Prosedur Sertifikasi Kalibrasi Alat Ukur

  1. Pengisian Formulir SPPT
    Untuk menempuh serangkaian prosedur kalibrasi alat ukur, yang pertama harus Anda lakukan adalah mengisi formulir SPPT-SNI. Pengisian formulir ini berguna untuk pendataan calon alat ukur yang akan disertifikasi. Saat akan mengumpulkan formulir ini Anda akan diminta juga melampirkan fotokopi sertifikat Sistem Manajemen Mutu ISO 9001:2000 yang harus anda pastikan sudah terlegalisir.
  2. Melakukan Verifikasi
    Jangkauan tempat audit dan bahasa setempat menjadi hal yang akan ditinjau dalam proses verifikasi berdasarkan prosedur sertifikasi kalibrasi alat ukur.
  3. Audit Sistem Manajemen Mutu Produsen
    Kelengkapan dokumen sistem manajemen mutu produsen melalui tahap pemeriksaan oleh tim penguji dan jika dokumen yang dikumpulkan tidak sesuai maka pemohon harus memperbaikinya. Dalam perbaikan tersebut pemohon diberi waktu selama tidak lebih dari 2 bulan.
  4. Pengujian Sampel
    Tahap ini adalah tahap dimana salah satu alat ukur diambil sebagai sapel lalu diuji pada laboratorium uji kalibrasi yang telah terakreditasi. Alat ukur yang dijadikan sampel akan diberi Label Contoh Uji (LCU).
  5. Penilaian Sampel
    Sampel yang dilakukan pengujian kemudian akan melalui tahap penilaian.

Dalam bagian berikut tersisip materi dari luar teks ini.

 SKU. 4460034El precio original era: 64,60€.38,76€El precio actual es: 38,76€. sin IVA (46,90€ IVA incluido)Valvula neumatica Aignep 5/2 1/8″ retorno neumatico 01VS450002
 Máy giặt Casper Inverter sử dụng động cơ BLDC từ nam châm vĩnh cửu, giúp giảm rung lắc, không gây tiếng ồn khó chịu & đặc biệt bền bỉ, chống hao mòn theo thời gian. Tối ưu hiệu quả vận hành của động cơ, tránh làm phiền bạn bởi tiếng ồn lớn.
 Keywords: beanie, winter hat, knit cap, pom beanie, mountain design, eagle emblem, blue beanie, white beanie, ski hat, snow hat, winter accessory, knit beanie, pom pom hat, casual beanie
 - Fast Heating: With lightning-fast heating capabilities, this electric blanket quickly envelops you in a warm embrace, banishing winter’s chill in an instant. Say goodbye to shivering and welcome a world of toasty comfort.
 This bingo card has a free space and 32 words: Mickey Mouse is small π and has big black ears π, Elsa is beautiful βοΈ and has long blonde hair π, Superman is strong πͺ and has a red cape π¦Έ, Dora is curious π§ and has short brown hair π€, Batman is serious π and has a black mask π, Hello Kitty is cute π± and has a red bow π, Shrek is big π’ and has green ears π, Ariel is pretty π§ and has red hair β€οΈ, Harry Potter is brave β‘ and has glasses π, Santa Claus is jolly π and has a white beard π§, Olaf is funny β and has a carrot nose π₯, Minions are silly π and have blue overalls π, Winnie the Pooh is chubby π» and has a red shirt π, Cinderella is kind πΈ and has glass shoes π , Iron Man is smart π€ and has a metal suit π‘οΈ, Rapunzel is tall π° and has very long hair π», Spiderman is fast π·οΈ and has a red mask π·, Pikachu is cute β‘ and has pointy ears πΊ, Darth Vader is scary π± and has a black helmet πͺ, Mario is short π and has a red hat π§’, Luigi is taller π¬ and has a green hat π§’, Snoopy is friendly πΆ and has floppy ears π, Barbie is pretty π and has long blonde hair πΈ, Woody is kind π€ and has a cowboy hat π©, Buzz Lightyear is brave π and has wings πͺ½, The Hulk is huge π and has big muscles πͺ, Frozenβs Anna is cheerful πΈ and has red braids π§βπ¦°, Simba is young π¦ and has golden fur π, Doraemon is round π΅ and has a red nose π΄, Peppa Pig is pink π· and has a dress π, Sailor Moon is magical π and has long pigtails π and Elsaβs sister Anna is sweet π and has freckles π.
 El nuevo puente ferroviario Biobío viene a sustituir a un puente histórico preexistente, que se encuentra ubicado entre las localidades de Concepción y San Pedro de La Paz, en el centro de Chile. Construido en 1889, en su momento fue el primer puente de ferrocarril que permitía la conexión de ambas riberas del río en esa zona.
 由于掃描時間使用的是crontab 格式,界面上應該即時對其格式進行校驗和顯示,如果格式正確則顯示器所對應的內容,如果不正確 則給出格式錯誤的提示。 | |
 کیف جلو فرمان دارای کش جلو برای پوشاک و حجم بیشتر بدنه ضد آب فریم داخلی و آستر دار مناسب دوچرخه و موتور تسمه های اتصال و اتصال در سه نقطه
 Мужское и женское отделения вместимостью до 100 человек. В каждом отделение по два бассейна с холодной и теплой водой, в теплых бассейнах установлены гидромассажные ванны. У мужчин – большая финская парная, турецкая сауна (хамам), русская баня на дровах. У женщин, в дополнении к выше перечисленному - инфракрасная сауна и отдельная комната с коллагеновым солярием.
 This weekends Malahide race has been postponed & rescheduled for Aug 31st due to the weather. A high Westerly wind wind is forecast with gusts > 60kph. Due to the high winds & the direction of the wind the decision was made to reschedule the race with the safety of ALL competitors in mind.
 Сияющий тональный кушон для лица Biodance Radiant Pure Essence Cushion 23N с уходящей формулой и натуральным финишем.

Jika hasil sudah sesuai maka akan dikeluarkan sertifikasi hasil uji dan jika tidak sesuai maka alat ukur akan melalui pengujian ulang hingga mendapatkan hasil yang memenuhi standar. Namun, permohonan sertifikasi kalibrasi dapat ditolak jika alat ukur tidak menunjukkan kesesuaian bahkan setelah dilakukan pengujian ulang berkali-kali.
  6. Keputusan Sertifikasi
    Rapat oleh tim independen akan digelar guna membahas hasil audit dan pengujian alat ukur.
  7. Penyerahan SPPT-SNI
    Setelah hasil keputusan mengenai sertifikasi telah didapatkan maka tim penguji akan memberi tahu perusahaan yang bersangkutan. Kelengkapan legalitas, ketentuan standar, proses produksi, serta sistem manajemen mutu dijadikan dasar pengklasifikasian.

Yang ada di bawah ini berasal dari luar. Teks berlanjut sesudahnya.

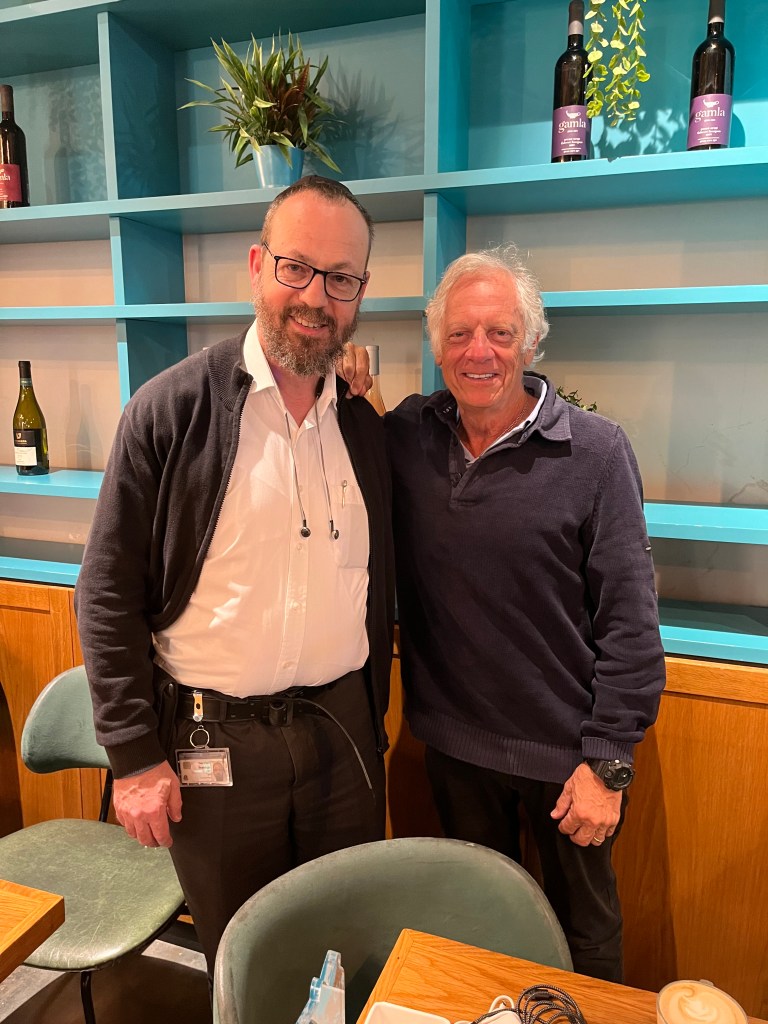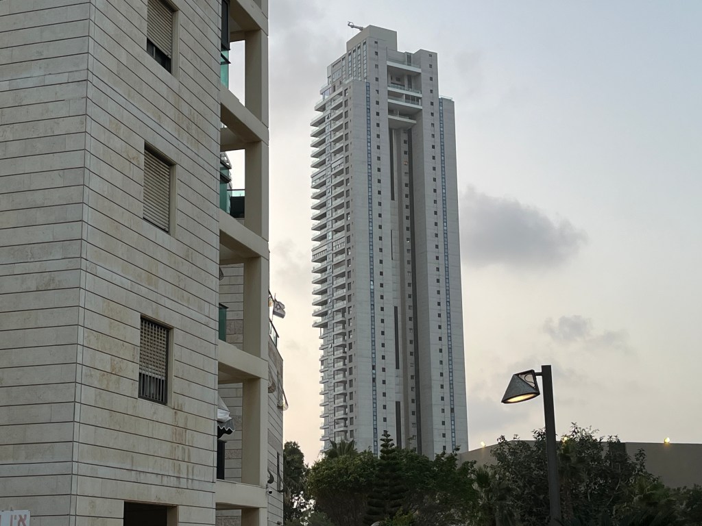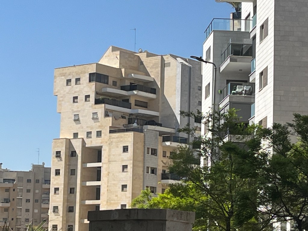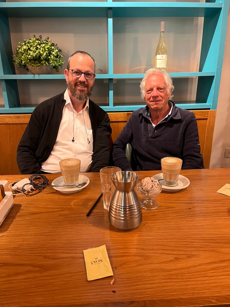 Last evening I was invited to dinner at my cousin Richard’s place in Rehova, 25K from Tel Aviv. We first went to synagogue, a place that I have not been to in 60 years. The service was orthodox, as the women sat separately. There were many English speaking worshipers there from the US and Canada. I recognized many of the hymns and read the English translation. I met Richard’s family for the first time. He came to Israel when he was very young and served in the arm as a tank commander. He has 4 children, 1 of whom is in the army now. Everyone takes the current situation in their stride. This is what living in Israel is all about and you have to just accept it and get on with your daily life.
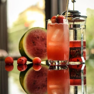 · Once the gin is muddled and infused with the watermelon, cinnamon & basil strain and serve into a tall glass filled with ice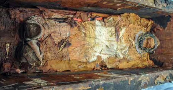 La momie semble être celle d’un monarque dynastique puisqu’elle est ornée de nombreux ornements en or.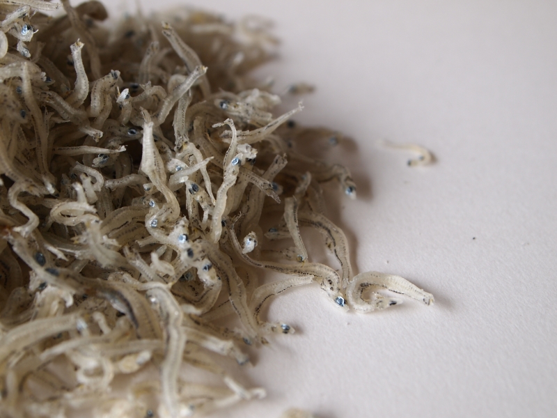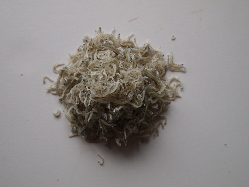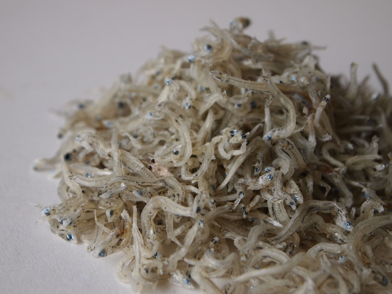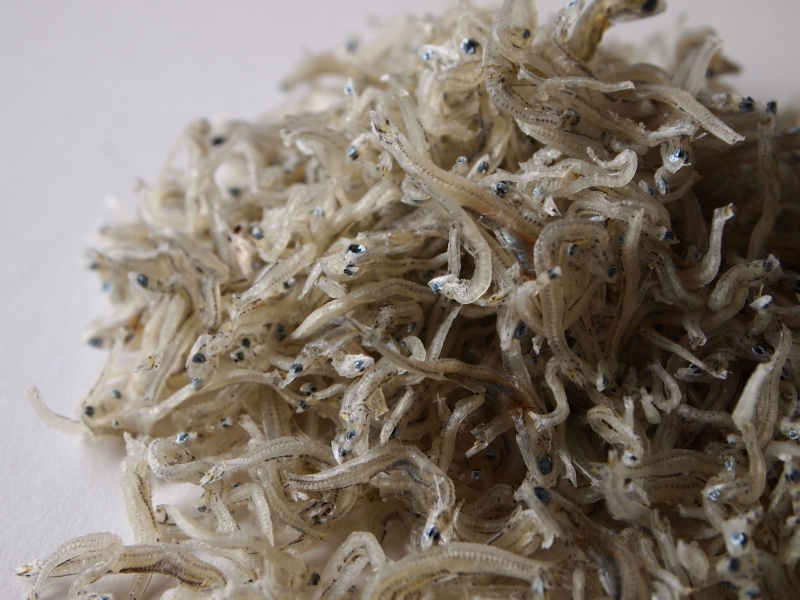 漁獲したカタクチイワシは氷水の中に入れられ,鮮度抜群のまま茹で上げますので,ちりめんがとってもおいしいと好評です。

Manfaat Sertifikasi Kalibrasi

Berbagai keuntungan akan Anda dapatkan ketika menerapkan sertifikasi kalibrasi pada alat ukur Anda. Keuntungan yang diberikan dari sertifikasi kalibrasi tentunya akan mendukung perkembangan bisnis Anda. Simak hingga akhir.

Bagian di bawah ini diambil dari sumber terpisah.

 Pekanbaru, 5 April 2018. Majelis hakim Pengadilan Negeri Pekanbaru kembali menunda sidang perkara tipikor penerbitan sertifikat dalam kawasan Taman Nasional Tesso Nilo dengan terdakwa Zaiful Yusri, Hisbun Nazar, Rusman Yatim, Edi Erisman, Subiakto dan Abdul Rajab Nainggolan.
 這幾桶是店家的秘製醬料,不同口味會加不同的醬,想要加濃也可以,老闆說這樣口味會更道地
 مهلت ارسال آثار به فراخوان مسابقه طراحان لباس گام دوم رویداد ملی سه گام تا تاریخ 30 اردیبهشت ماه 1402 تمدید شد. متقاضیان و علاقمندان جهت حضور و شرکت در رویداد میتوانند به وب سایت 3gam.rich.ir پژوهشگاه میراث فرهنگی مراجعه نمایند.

  • Meningkatkan citra perusahaan
    Bayangkan Anda membeli suatu produk yang bagus, tentunya Anda tidak akan segan untuk memberitahukan produk tersebut kepada kolega Anda. Anda rela tidak dibayar untuk mempromosikan produk itu. Itulah yang dinamakan kepuasan pelanggan yang didapatkan dari kualitas produk.
    Ketika alat ukur dalam produksi Anda baik maka kualitas yang dihasilkan pun juga akan stabil dan baik. Dengan begitu kepercayaan konsumen akan meningkat dan citra perusahaan menjadi baik dimata masyarakat.
  • Meningkatkan daya saing produk
    Masih berkaitan dengan kualitas produk yang dihasilkan dengan alat ukur dalam produksi terjaga. Produk dengan kualitas tinggi akan sukses dalam pemasarannya dan dapat mengalahkan pesaingnya.
  • Dapat mengikuti tender pengadaan barang dan jasa
    Perusahaan yang telah memiliki sertifikasi kalibrasi lebih berpeluang untuk mendapatkan tender pengadaan barang dan jasa pemerintah. Hal ini baik untuk Anda yang berniat memperluas jangkauan pemasaran.

Kesimpulan

Dalam artikel ini telah dibahas jelas pengertian sertifikasi kalibrasi alat ukur, prosedur dan manfaatnya. Melihat pentingnya sertifikasi kalibrasi pada alat ukur Anda tidak perlu berpikir ulang untuk melakukannya. Kerumitan dalam prosedur sertifikasi akan dibayar dengan keuntungan yang akan memperbesar profit perusahaan. Tunggu apa lagi? Segera urus sertifikasi kalibrasi alat ukur Anda.